#### TASK REQUIREMENTS:
Nothing but the lines below from the one with "KeyBot can be" through the one with "The Osceola Chamber" should be output, each exactly as given, and no pictures.

#### RECORDS FOR PROCESSING:
BEGIN

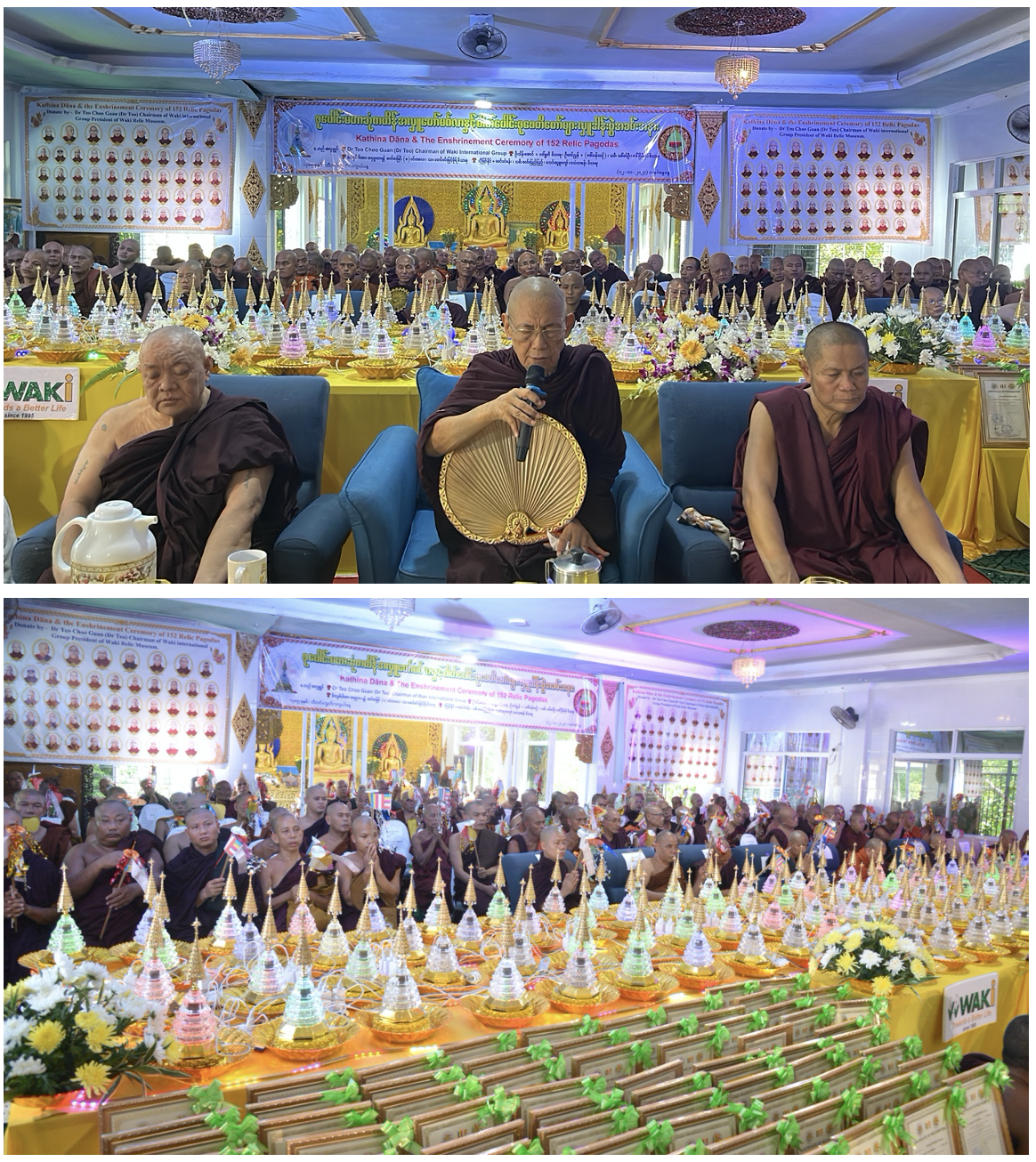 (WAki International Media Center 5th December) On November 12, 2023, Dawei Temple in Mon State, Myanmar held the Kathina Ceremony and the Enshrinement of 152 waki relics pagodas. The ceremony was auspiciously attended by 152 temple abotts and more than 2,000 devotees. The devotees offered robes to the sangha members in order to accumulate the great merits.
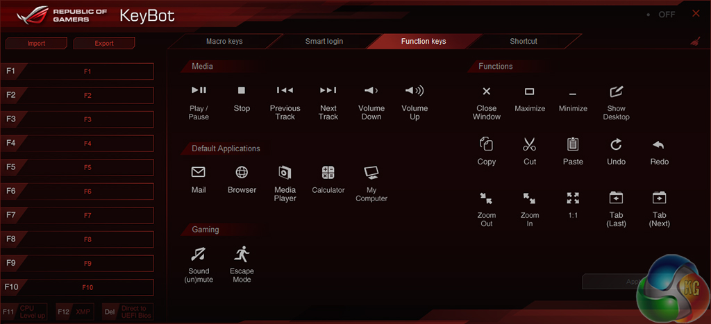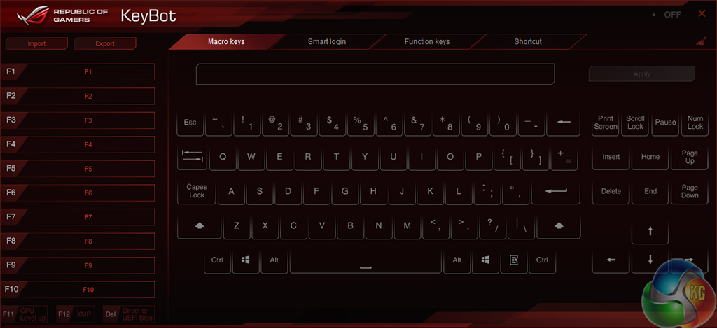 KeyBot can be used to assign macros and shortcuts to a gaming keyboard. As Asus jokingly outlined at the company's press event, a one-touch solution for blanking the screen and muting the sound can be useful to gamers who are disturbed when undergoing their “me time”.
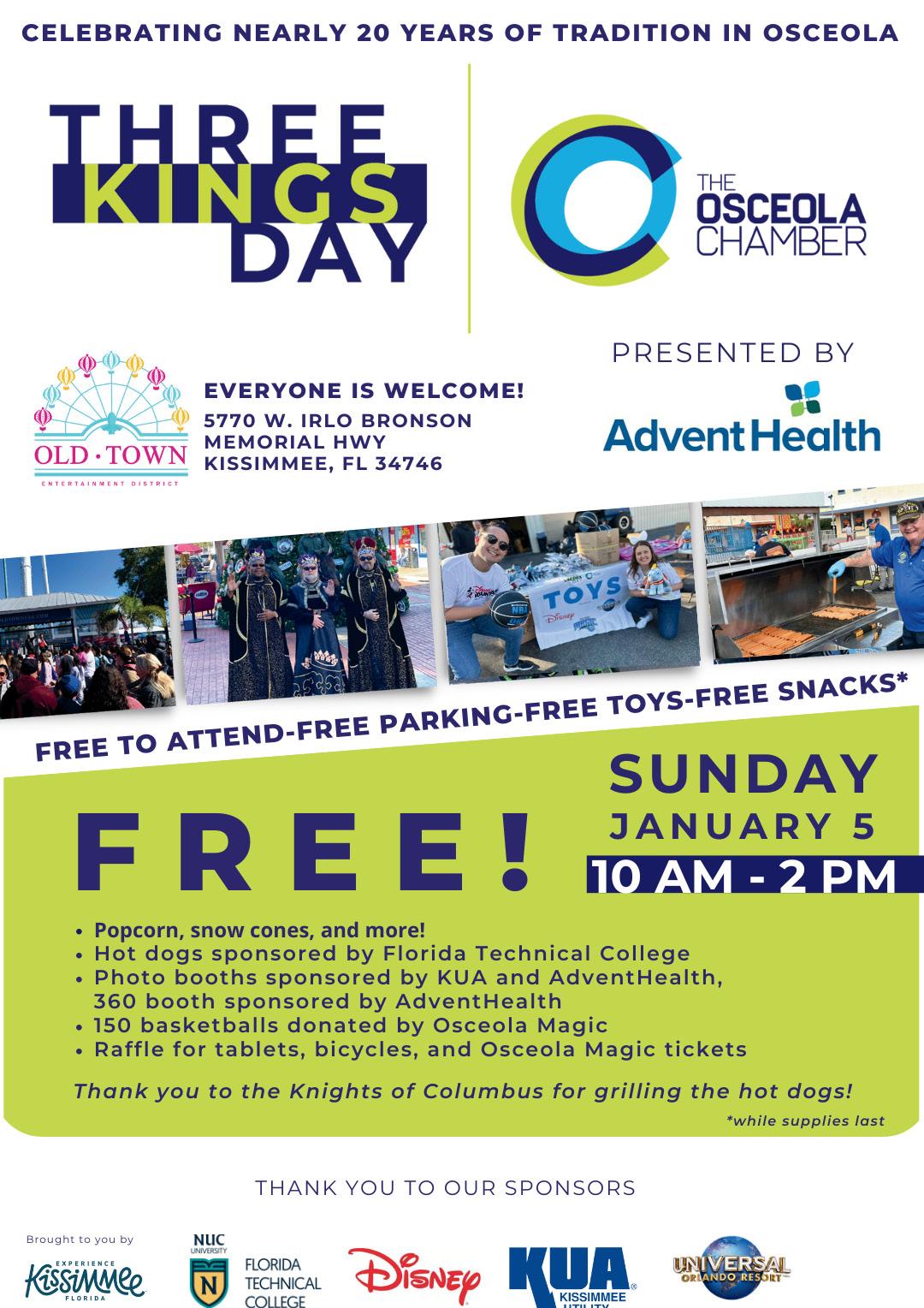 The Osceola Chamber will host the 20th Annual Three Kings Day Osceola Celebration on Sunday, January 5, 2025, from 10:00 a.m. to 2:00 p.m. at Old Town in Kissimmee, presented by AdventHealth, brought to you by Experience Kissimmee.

END
BEGIN

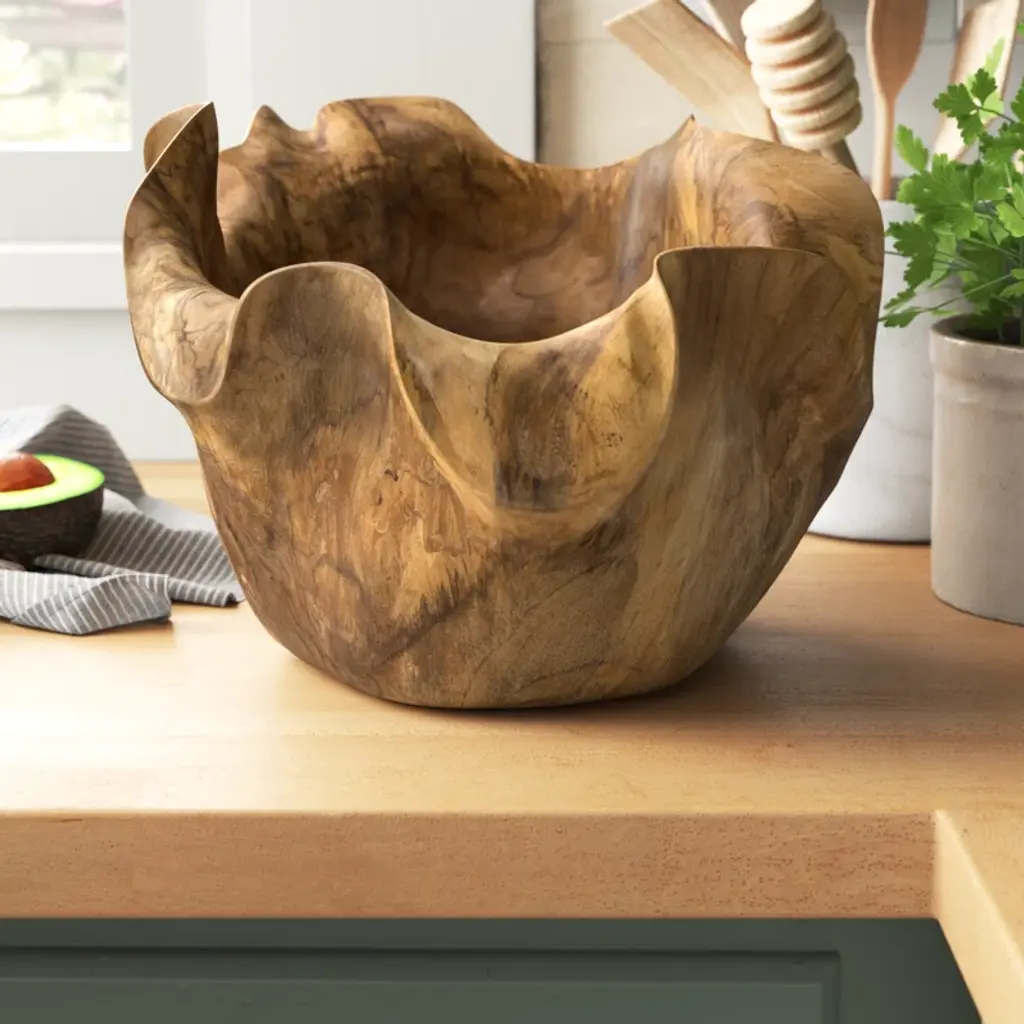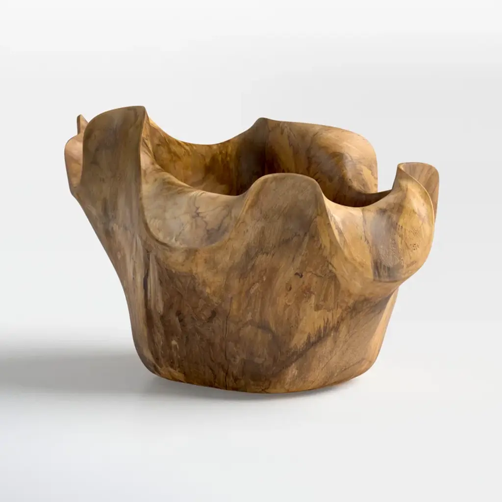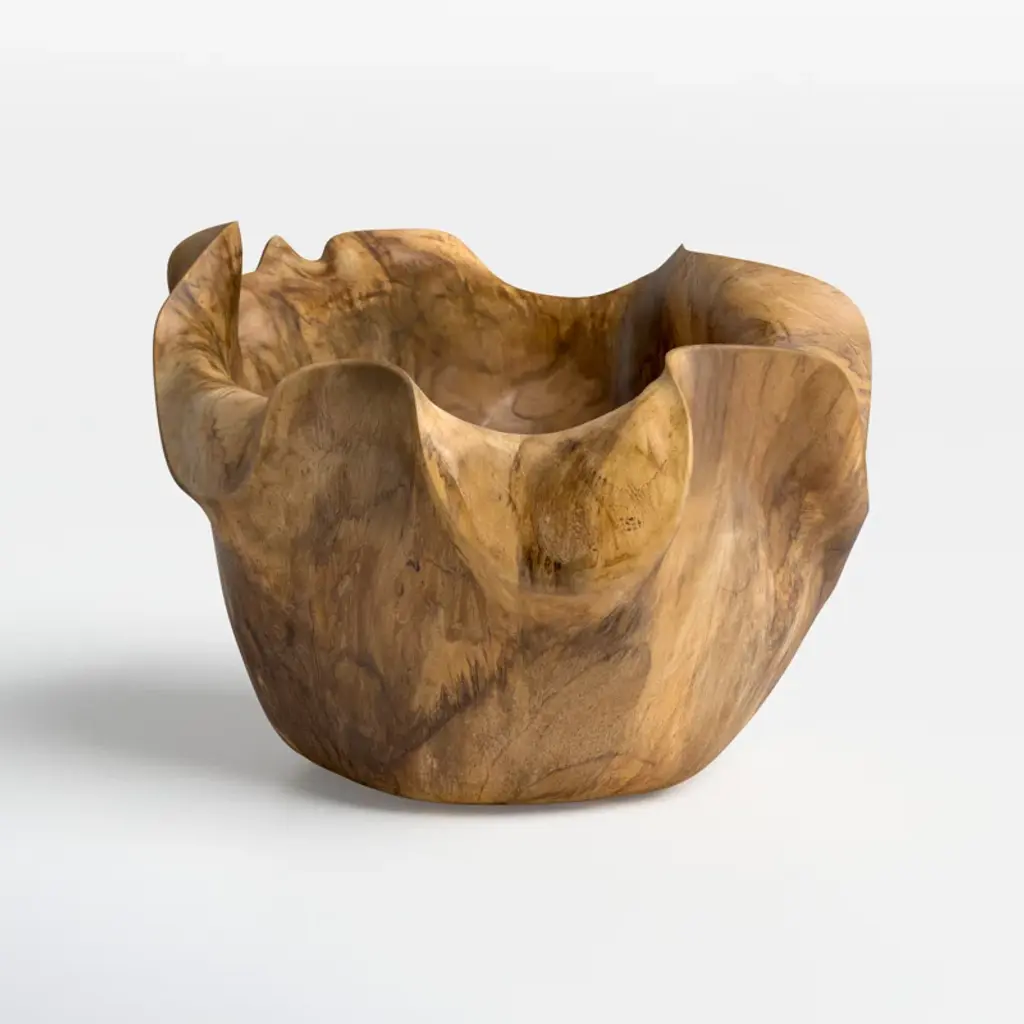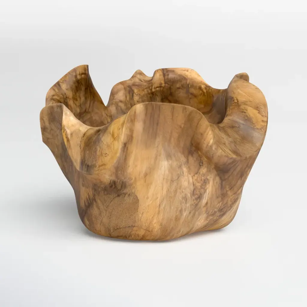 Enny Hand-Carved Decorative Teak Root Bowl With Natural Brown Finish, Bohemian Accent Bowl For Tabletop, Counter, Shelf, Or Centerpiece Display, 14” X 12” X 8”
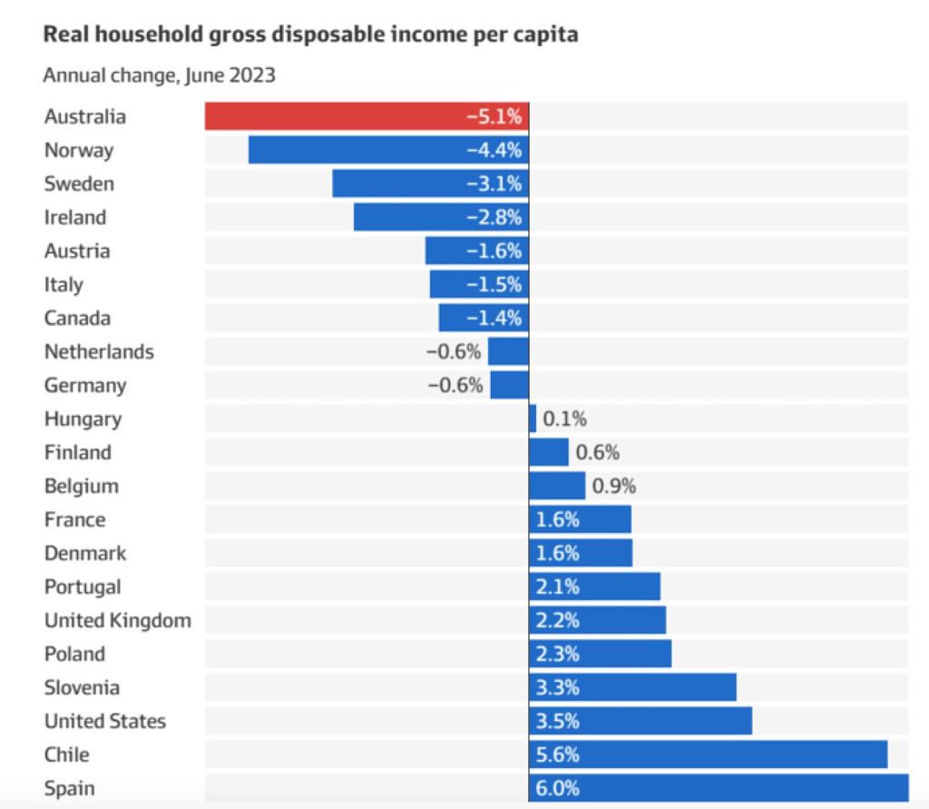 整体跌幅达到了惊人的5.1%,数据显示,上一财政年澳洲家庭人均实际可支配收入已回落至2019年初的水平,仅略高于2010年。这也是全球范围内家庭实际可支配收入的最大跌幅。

END

#### EXERCISE SOLUTION:
 KeyBot can be used to assign macros and shortcuts to a gaming keyboard. As Asus jokingly outlined at the company's press event, a one-touch solution for blanking the screen and muting the sound can be useful to gamers who are disturbed when undergoing their “me time”.
 The Osceola Chamber will host the 20th Annual Three Kings Day Osceola Celebration on Sunday, January 5, 2025, from 10:00 a.m. to 2:00 p.m. at Old Town in Kissimmee, presented by AdventHealth, brought to you by Experience Kissimmee.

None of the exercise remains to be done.